Save the file and notice that the table has refreshed with the new data:

Updated Table

  1. Stop the development server and run npm run build. Once the build is finished, the display will confirm that the /pres route is static:
Pages

┌ src/pages/404.js
│ ├   /404/
│ └   /404.html
├ src/pages/index.js
│ └   /
└ src/pages/pres.js
  └   /pres/

  ╭────────────────────────────────────────────────────────────────╮
  │                                                                │
  │   (SSG) Generated at build time                                │
  │ D (DSG) Deferred static generation - page generated at runtime │
  │ ∞ (SSR) Server-side renders at runtime (uses getServerData)    │
  │ λ (Function) Gatsby function                                   │
  │                                                                │
  ╰────────────────────────────────────────────────────────────────╯

The built page will be placed in public/pres/index.html. Open the page with a text editor and search for "SheetJS" to verify raw HTML was generated:

<tr><td>SheetJS Dev</td><td>47</td></tr>

Bundling Data

Bundlers can run JS code and process assets during development and during site builds. Custom plugins can extract data from spreadsheets.

ViteJS

:::note

This demo covers static asset imports. For processing files in the browser, the "Bundlers" demo includes an example.

:::

ViteJS supports static asset imports, but the default raw loader interprets data as UTF-8 strings. This corrupts binary formats like XLSX and XLS, but a custom loader can override the default behavior.

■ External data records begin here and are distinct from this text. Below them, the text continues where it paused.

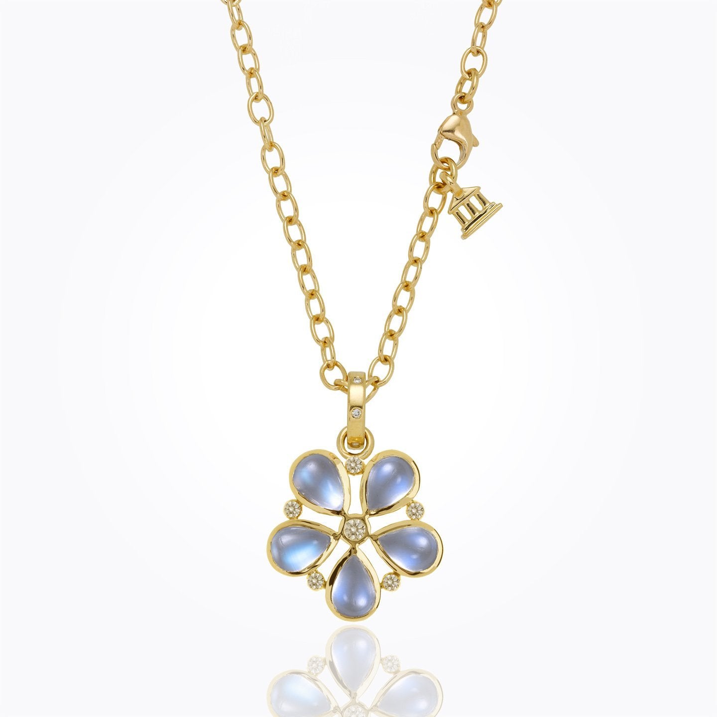18K Flower Pendant with royal blue moonstone and diamond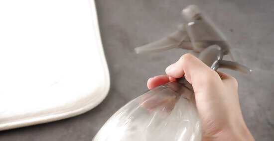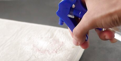 Mix the vinegar cleaning solution. Add 2 parts white vinegar to every 1 part water in a clean spray bottle. The amount will vary depending on how big the stain is and how long it has been there, but as a starting point, add about ⁄3 cup (160 mL) of distilled white vinegar and ⁄3 cup (79 mL) of water.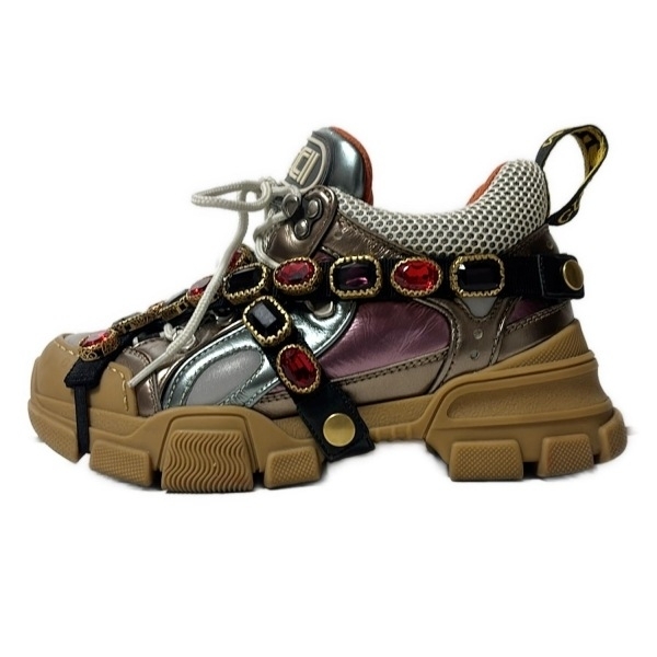 > グッチ GUCCI スニーカー - レザー パープル×白×マルチ レディース インソール取外し可/ビジュー 靴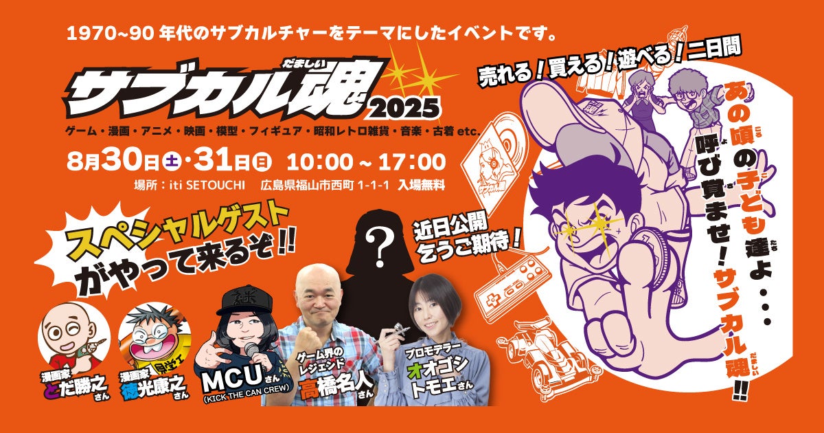 - 2025年8月30日(土)・31日(日)に福山市で「サブカル魂2025」開催。

For a pure static site, a plugin can load data into an array of row objects. The SheetJS work is performed in the plugin. The library is not loaded in the page!

import { readFileSync } from 'fs';
import { read, utils } from 'xlsx';
import { defineConfig } from 'vite';

export default defineConfig({
  assetsInclude: ['**/*.xlsx'], // xlsx file should be treated as assets

  plugins: [
    { // this plugin handles ?sheetjs tags
      name: "vite-sheet",
      transform(code, id) {
        if(!id.match(/\?sheetjs$/)) return;
        var wb = read(readFileSync(id.replace(/\?sheetjs$/, "")));
        var data = utils.sheet_to_json(wb.Sheets[wb.SheetNames[0]]);
        return `export default JSON.parse('${JSON.stringify(data)}')`;
      }
    }
  ]
});

This loader uses the query sheetjs:

import data from './data.xlsx?sheetjs';

document.querySelector('#app').innerHTML = `<div><pre>
${data.map(row => JSON.stringify(row)).join("\n")}
</pre></div>`;
Base64 plugin (click to show)

This loader pulls in data as a Base64 string that can be read with XLSX.read. While this approach works, it is not recommended since it loads the library in the front-end site.

import { readFileSync } from 'fs';
import { defineConfig } from 'vite';

export default defineConfig({
  assetsInclude: ['**/*.xlsx'], // mark that xlsx file should be treated as assets

  plugins: [
    { // this plugin handles ?b64 tags
      name: "vite-b64-plugin",
      transform(code, id) {
        if(!id.match(/\?b64$/)) return;
        var path = id.replace(/\?b64/, "");
        var data = readFileSync(path, "base64");
        return `export default '${data}'`;
      }
    }
  ]
});

When importing using the b64 query, the raw Base64 string will be exposed. This can be read directly with XLSX.read in JS code:

import { read, utils } from "xlsx";

/* reference workbook */
import b64 from './data.xlsx?b64';
/* parse workbook and export first sheet to CSV */
const wb = await read(b64);
const wsname = wb.SheetNames[0];
const csv = utils.sheet_to_csv(wb.Sheets[wsname]);

document.querySelector('#app').innerHTML = `<div><pre>
<b>${wsname}</b>
${csv}
</pre></div>`;

Site Generators

NextJS

:::note

This was tested against next v13.1.1 on 2022 December 28.

:::

:::info

At a high level, there are two ways to pull spreadsheet data into NextJS apps: loading an asset module or performing the file read operations from the NextJS lifecycle. At the time of writing, NextJS does not offer an out-of-the-box asset module solution, so this demo focuses on raw operations. NextJS does not watch the spreadsheets, so next dev hot reloading will not work!

:::

The general strategy with NextJS apps is to generate HTML snippets or data from the lifecycle functions and reference them in the template.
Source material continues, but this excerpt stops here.